Ömer Turfal'ın yeleği

Ömer Turfal'ın yeleği / Bigadiç / Bilgi Peşinde / www.bilgipesinde.com / Büyük Zaferi müteakip her yerde bozguna uğrayan İngiltere destekli Yunan işgal ordusu Bigadiç ve Sındırgı civarındaki birliklerinin silah ve mühimatını cebir ve angarya ile Edremit'e ulaştırabilmek şaşkınlığı ve telaşı içindedir.

Ömer Turfal'ın On beş Delikli Yeleği
 
Turgut TÜR / Emekli İngilizce Öğretmeni

Büyük Zaferi müteakip her yerde bozguna uğrayan İngiltere destekli Yunan işgal ordusu Bigadiç ve Sındırgı civarındaki birliklerinin silah ve mühimatını cebir ve angarya ile Edremit'e ulaştırabilmek şaşkınlığı ve telaşı içindedir. 

Bozguna uğrayıp kaçarken dahi mel'anetten geri kalmayan Yunan subay ve erleri Edremit’e ulaştırmak istedikleri malzemenin taşıttırılacağı öküz arabasını silah zoruyla buldurturlar ve o zaman yirmi bir yaşında olan Ömer Turfal'a süngü zoruyla yükletirler. 

Sındırgı ile Bigadiç arasındaki bir mahalden yola çıkan silah ve cephane yüklü öküz arabasının dingili bugün adı Gökçeyazı olarak değiltirilmiş olan Ergama'ya gelindiğinde kırılır. Bunun üzerine sinirlenen Yunan subay ve erleri Ömer Turfal'ı onbeş yerinden süngüleyip delik deşik ederek öldüğüne kesinlikle kani olunca yolun kenarındaki hendeğin içine yuvarlayıvermişler.

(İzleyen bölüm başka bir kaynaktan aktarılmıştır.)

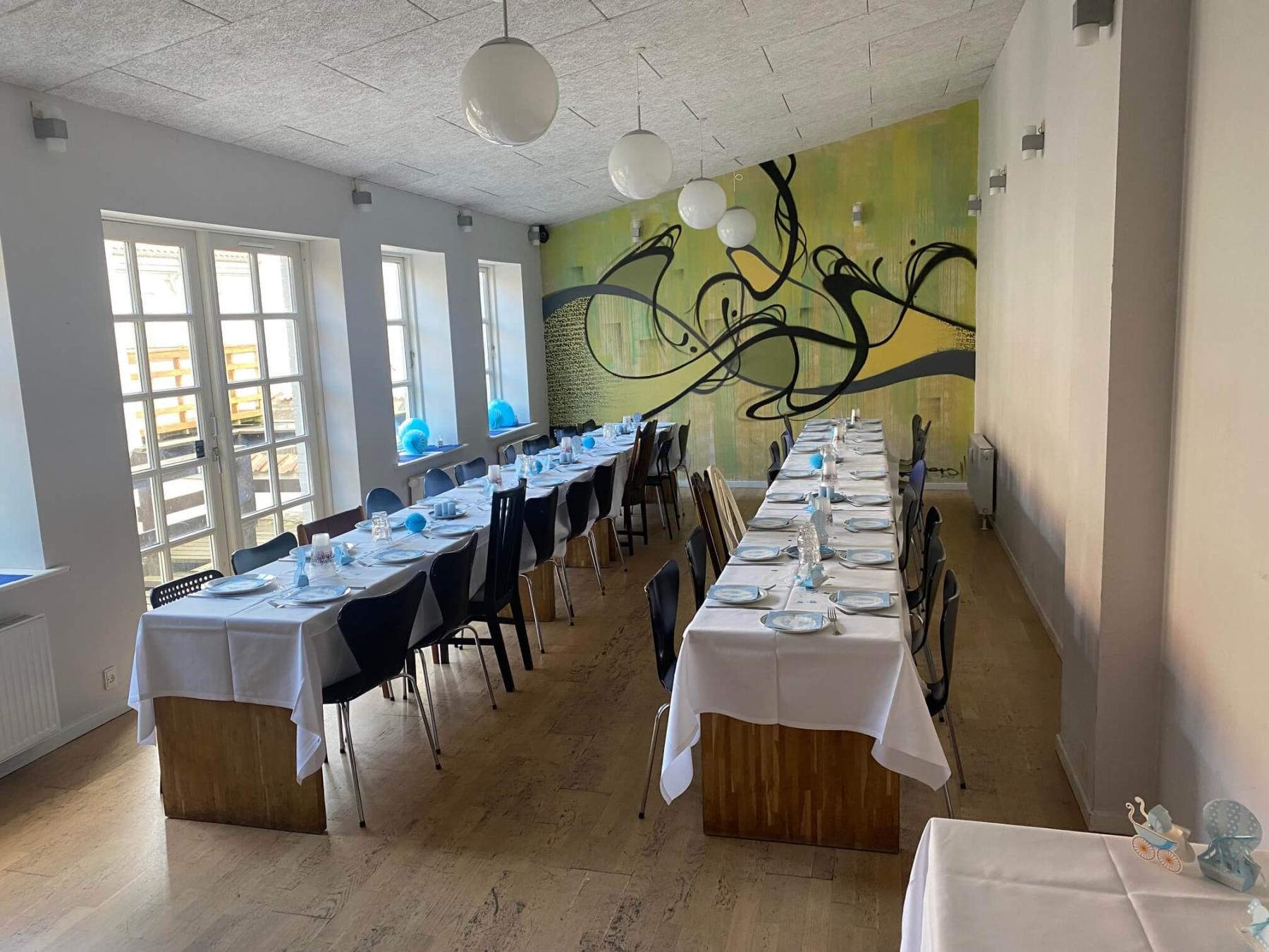 Hold jeres næste arrangement i hyggelige selskabslokaler hos Dice´n Drinks i AalborgVores selskabslokaler er ca. 65 kvm og inkluderer et praktisk anretningskøkken samt plads til overtøj. I får desuden adgang til et stort industrikøkken samt både herre- og dametoiletter, hvilket sikrer gode faciliteter til jeres arrangement.Som en del af Dice´n Drinks, en populær brætspilscafé, vil der være gæster i stueetagen, mens jeres selskab finder sted. Det betyder, at køkkenet deles med caféen, men vi sørger naturligvis for, at det fungerer gnidningsfrit. Vi tilbyder alt nødvendigt service og drikkevarer, mens I selv medbringer maden.Hvis I har lyst til at udforske vores imponerende samling af over 700 brætspil, er I mere end velkomne til at gøre det under lejemålet. Det er en oplagt mulighed for at tilføje lidt ekstra sjov og hygge til jeres arrangement.Vi hjælper gerne med ovne og køleplads, og hvis I har brug for adgang til lokalerne før den normale åbningstid, er vi fleksible og imødekommer dette efter aftale.Service kan lånes af caféen, så længe I selv sørger for rengøringen efter brug.Uanset om det er en fødselsdag, firmafest eller en hyggelig sammenkomst med venner og familie, står vi klar til at skabe rammerne om en uforglemmelig dag.

Karanlık basıp el ayak çekildiğinde tesadüfen oradan geçmekte olan bir Ergama'lı Ömer Turfal'm iniltisini duymuş olmalı ki hemen sırtlayıp Balıkesir'deki Asker Hastahanesine ulaştırılmasını temin etmiş.

Ömer Turfal Yunan subay ve erlerince süngülendiği zaman üzerinde bulunan yeleğinin astarının sağ tarafına latin harfleriyle sol tarafına da Arap harfleriyle olayı sabit kalemle şöyle özetlemiş: "1338 eylül 6 çarşamba günü güneş doğarken Edremit ile Balıkesir arasında Ergama öğünde yunan askerleri tarafından yaralandığım zaman bu yelek arkamda idi. 15 yerimden kama ile yaralandım. 6 eylül 1338"

Genel olarak olayları tarihlendirmek gibi bir alışkanlığımız olmadığından dolayı zaman zaman hayflanmışımdır. Ömer Turfal ise bu olayı özetleyen paragrafın hem başına hem de sonuna ay gün ve yıl belirtmiş olması gerçekten, çok ilginçtir. 1338'in miladi karşılığı 1922'dir.

1978 yılı Ağustosunda Yukarı Cami’nin ve çeşmesinin kitabelerinin renkli filimlerini çekmek için cami avlusuna girdiğimde Ömer Turfal caminin son cemaat yerinin hemen dibine dayanmış mavi boyalı bir bankta oturmakta idi. Selâmıma kemal-i ciddiyetle mukabele etti. "Yabancısın yalım. Kimlerdensin? diyince kendimi tanıttım, ve hemen ilave ettim: "Ömer Amca, izin verirsen senin bir fotoğrafını çekmek istiyorum. Lütfen hiç istifini bozma." Bu mütevekkil, mütebessim fotoğraf çekildiğinde Ömer Turfal 77 yaşında idi. Öykü bittiğinde ricamı kırmadı. Evine gittik. Süngülendiği gün sırtında bulunan onbeş delikli yeleği getirdi. Parmağını deliklerden birine takıp bir kez daha poz verdi. Kendisiyle birlikte fotoğrafını çektiğim bu yeleğin, oğlu merhum Hilmi Turfal'ın terzi dükkanında çıkan bir yangında yanan diğer eşyalarla birlikte kül olduğunu öğrendiğimde üzüldüm.

Doğup büyüdüğüm Bigadiç'in İngiliz destekli Yunan işgalinden kurtuluşunun 74. yılını kutladığımız 4 Eylül 1996 da Başkomutan Atatürk'ü, muhterem silah arkadaşlarını, İstiklal Harbimizin aziz şehitlerini, ve 9 Temmuz
1984 yılında ölen Hacı Ömer Turfal'ı rahmet ve tazimle anıyoruz.